When the Fed buys bonds, however, they create money by writing a check. Rather than decrease the money supply they artificially lower the interest rates that are paid for money (by bidding low at Treasury auctions) and cause all the people who have real money to get paid less for the use of it. That is how the Fed robs you every time they write a check. They don’t "create money out of thin air," they create money by devaluing all the other money that exists by whatever small percentage – a crime so small you don’t report it but it’s done to you on weekly basis!
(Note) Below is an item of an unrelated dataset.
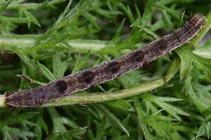 1: Dänemark, Grenaa, 10 m, 2 km von der Küste, Fuglsang Heide, Raupen an Achillea millefolium, 19. Oktober 2013 (fot.: Kjeld Brem Sørensen)

INTC/JVest – I don’t know if it can pop the Nas higher but it sure should give us a good view of the top. There are just such huge expectations built into things right now, it’s hard to imagine how earnings will end up.
And what lotter said (thanks!).
OPEN/DClark – I agree with that short. They are only at $65.69 with 3 days to go. I don’t think you want to pay that premium ahead of time. Just make sure your net $1 collection for the roll doesn’t get away from you (maybe at .50 you execute before it’s too late).
Yodi, thanks for response. I was gone the last 2 hours of the market today, and was not able roll C Oct 4’s before I had to leave. Ouch.
Social Security … no increase in benefits again. 0% for 2010; 0% for 2011.
Way to screw over the seniors DC !
That’s one way to try to hold down the deficit without doing any "cutting".
Unfortunately, seniors have to cope w/ very real food and energy inflation and no COLA on Social Security.
This will also hurt consumer spending, as Zero Hedge is pointing out.